Commending One Piece’s tribulations in America isn’t to say that anime as a whole would be better or worse if One Piece hadn’t gone through what it did. It’s simply saying we have to acknowledge that it did happen to One Piece and made its ripples in the market. After One Piece, companies like 4Kids established a better process for finding more suitable properties to adapt for their desired children demographic. They went on to produce a variety of shows such as Yu-Gi-Oh!, Yu-Gi-Oh! Capsule Monsters, and Yu-Gi-Oh! GX. Companies like Funimation firmly cemented themselves as the studios to take on adaptations and leave them closer to the source material thus leading to the anime giant that is Crunchyroll today. Overall, things were made clear. Anime and its English adaptations couldn’t be taken lightly. They couldn’t try and force things the way 4Kids did with One Piece. If something could work as a kids’ show, cool make it a kids’ show. If not, don’t.
Today and Tomorrow
One Piece is a legacy show, that’s known even to those who have never watched it. Presently, One Piece still maintains a top spot in the shonen anime/manga world. It’s not only one of the most successful animes ever but one of the most successful properties ever. Its main storyline marches onward having just celebrated its 25th anniversary. Mind you that isn’t with spin-offs, isn’t with a sequel series, it’s still the original run. And that is with it weathering the severe blunder that was the 4Kids adaptation.

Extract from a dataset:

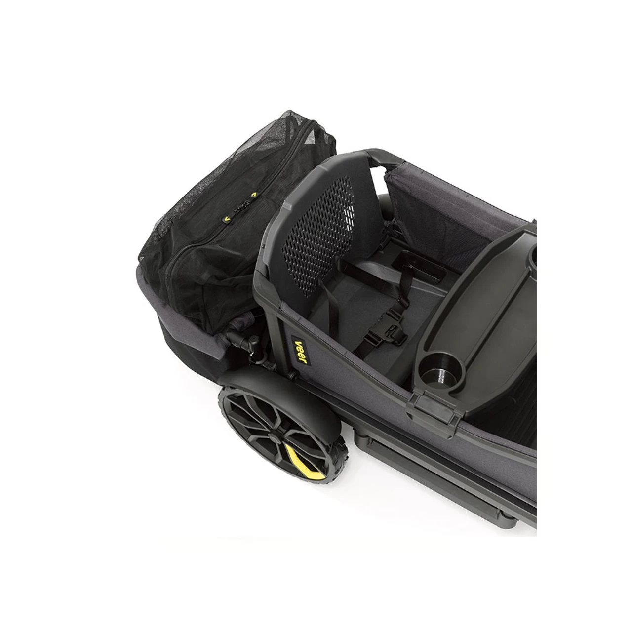 Designed to add even more cargo space to the Cruiser, our lightweight aluminum and soft-sided storage basket mounts solidly into the Cruiser”s two anchor points behind the rear seat. It folds for easy transport or storage without removal. The soft-sided construction is removable and machine washable. A mesh zipper hood either discreetly rests on the bottom of the basket or doubles its capacity by covering clothes and other bulky items. Drink and Snack Tray and Napper both fit comfortably in this accessory.

One Piece is still so successful, still in its eternal prime that the anime is getting a full-blown remake before the original is even completed. Dubbed The One Piece, This Netflix-funded project to be done by WIT Studio will bring One Piece up to modern animation standards starting all the way at the beginning. Having the advantage of 1000s of manga chapters, it will have improved pacing and less filler. This remake isn’t because the first arc of One Piece was bad, but simply because it could stand to benefit from modern animation techniques. The show still has more potential even after all this time. This, once again reflects One Piece as a property, a renowned masterpiece.
This new anime will bring in an entire second multi-generational fanbase. No one saw this coming and it’s another feat that only One Piece could pull off. An anime that saw an American remastering because the first one was so bad, and now a full-on remake because the original was so good all while the original is still not yet completed is unprecedented.
One Piece might be nearing its canonical end, but the impact and legend it carries will not. From its horrific American start, which showed us how not to adapt an anime, to its now resounding success, multiple times over. One Piece has cemented itself as a foundational pillar that led to the anime industry today while continuing to be at its forefront. Like its characters, every struggle it faced only made it stronger on the other side. It’s one of the best stories ever told, just make sure it’s told correctly.